Important advice that my psychology professor gave me was also being aware of our limits and comfort zone. That doesn’t mean just physical but also mentally. If somebody wants to talk but that escalates to a fight we can calmly say we need our 5 minutes or step out of the conversation. We will make more positive results by moving and cooling down the situation than with participating in a fight that will lead nowhere. Rather move out for some time and continue later when both sides are calm and ready to talk assertively. If that happens in your volunteering working place you can just take a moment and hide in a calm, lonely place for a few minutes. When you think about the situation and have some suggestions on how to improve it return back and calmly start the conversation again.

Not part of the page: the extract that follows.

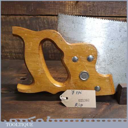 Vintage Disston USA 24” rip saw with 7 tpi, fully refurbished and sharpened ready for use. These may not have the same reputation as the early Philly saws but they certainly compete in quality with the best of the rest.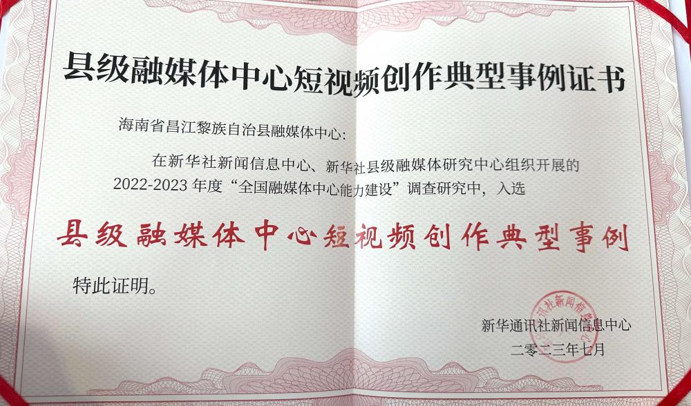 论坛介绍全国融媒体中心能力建设专题调研情况,展示典型事例。其中, 昌江融媒体中心在新华社新闻信息中心、新华社县级融媒体研究中心组织开展的2022-2023年度“全国融媒体中心能力建设”调查研究中, 报送的《陶凤交:甘做“绿色长城”的忠诚卫士》 入选 “县级融媒体中心短视频创作典型事例”,为全国23个、海南唯一入选的县媒案例。

The benefit of being assertive is definitely better communication. Assertive behavior is great for both, us and our speaking partner in a volunteering environment. If we communicate wisely, we can get what we want out of any interaction and leave the other person satisfied, too. It also assures us less stress with more solutions for both sides. That’s how we can concentrate more on our volunteering job, results and positive energy. Aggressive, passive and passive-aggressive communication styles are stressful; one of the people involved generally ends up feeling humiliated or endangered. If we are on the “strong” side, we might end up regretting putting our need to be heard over the other person’s right to speak. With assertive communication, however, we’re acknowledging the other person’s feelings and desires, while openly sharing ours and trying to find the best solution for the situation. We are also gaining more trust, which is important in personal and volunteering-working relationships. Being trustworthy in our communication greatly builds connection and it also brings us more confidence. When we hide your feelings or interact with others without caring about what they think or feel, we are lowering your self-esteem or building it on the wrong foundation. Assertive communication shows that we are brave enough to stand up for your rights and are in control of what and how we’re saying it.
In the end, we find the balance between clearly stating our needs and giving the other person the chance to do the same and feel –what is the most important: equal and respected.